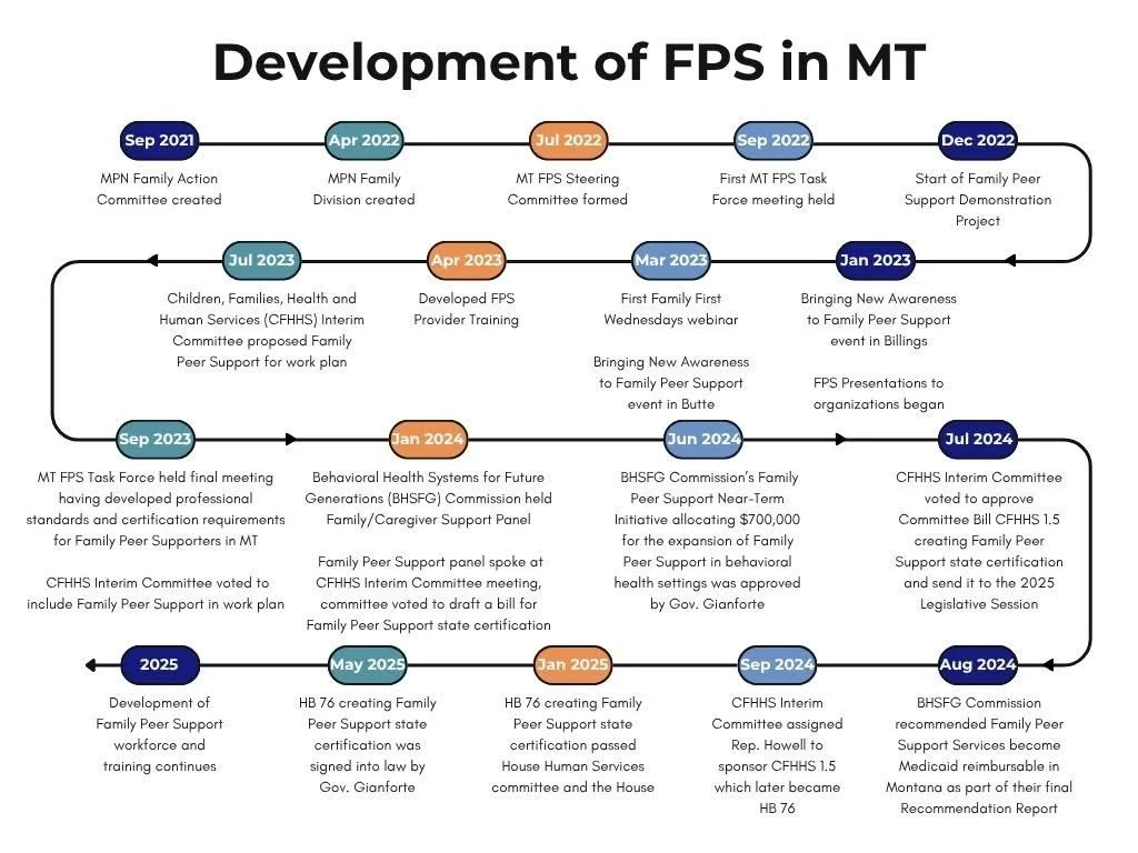 FPH was created to build upon the work started by Montana’s Peer Network (MPN). MPN has been supporting parents and caregivers raising children with behavioral health challenges and/or special healthcare needs since 2021 through advocacy, workforce development, education and direct services. They then created a Families Division in 2022 to further these efforts. In the last 4 years MPN has successfully formed and facilitated the MT Family Peer Support Task Force which developed professional standards for Family Peer Support Workforce, ran a Family Peer Support Pilot Project which provided state-wide Family Peer Support services and collected data that was used by Montana’s Governor in 2024 to allocate funding to Family Peer Support programs. They created a statewide family membership which provides community, connections and support to parents and caregivers. They also worked with legislators on HB76 to create state certification for Family Peer Support which was signed into law in May 2025.
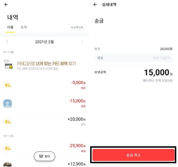 카카오페이 송금취소
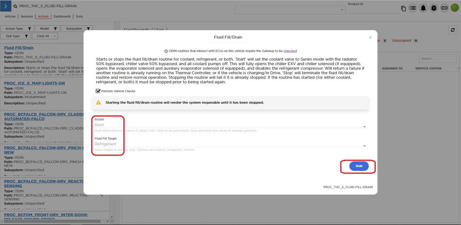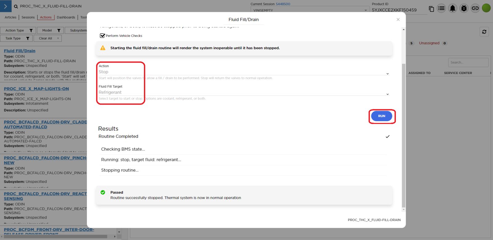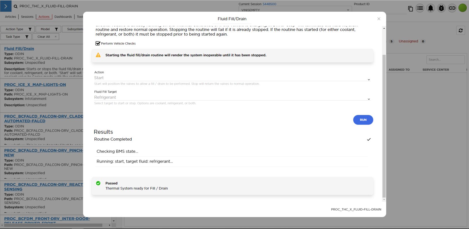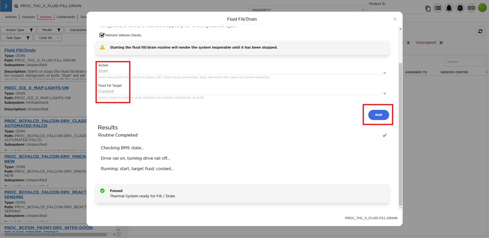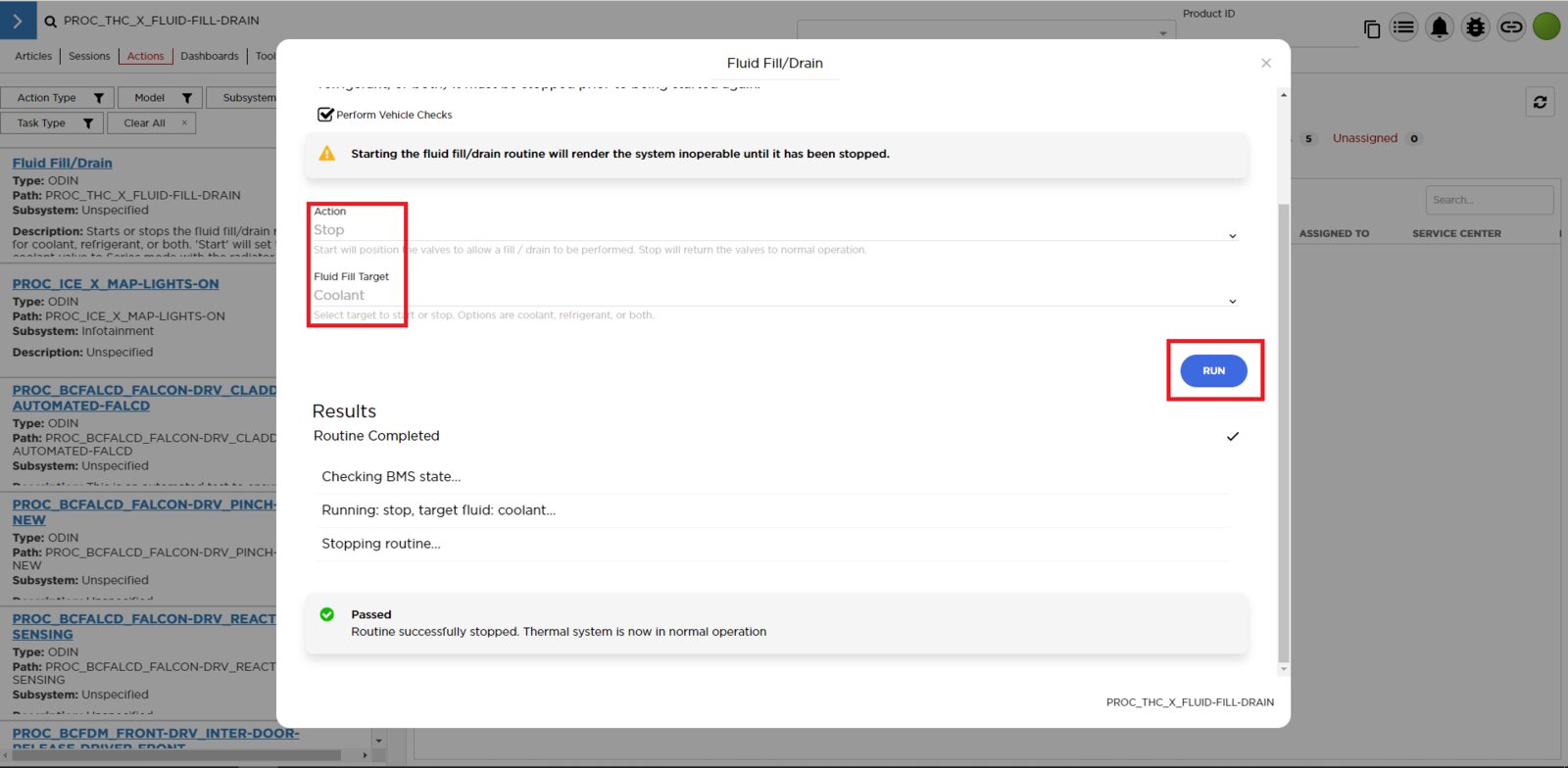 - Select ‘Actions’ tab and search for ‘PROC_THC_X_FLUID-FILL-DRAINvia Toolbox: (link)via Service Mode: Thermal ➜ Actions ➜ Stop Fluid Fill/Drain’

Directions for this task:
If you see a picture in the listing, skip it while copying everything else exactly.

Answer for the task:
 FPH was created to build upon the work started by Montana’s Peer Network (MPN). MPN has been supporting parents and caregivers raising children with behavioral health challenges and/or special healthcare needs since 2021 through advocacy, workforce development, education and direct services. They then created a Families Division in 2022 to further these efforts. In the last 4 years MPN has successfully formed and facilitated the MT Family Peer Support Task Force which developed professional standards for Family Peer Support Workforce, ran a Family Peer Support Pilot Project which provided state-wide Family Peer Support services and collected data that was used by Montana’s Governor in 2024 to allocate funding to Family Peer Support programs. They created a statewide family membership which provides community, connections and support to parents and caregivers. They also worked with legislators on HB76 to create state certification for Family Peer Support which was signed into law in May 2025.
 카카오페이 송금취소
 - Select ‘Actions’ tab and search for ‘PROC_THC_X_FLUID-FILL-DRAINvia Toolbox: (link)via Service Mode: Thermal ➜ Actions ➜ Stop Fluid Fill/Drain’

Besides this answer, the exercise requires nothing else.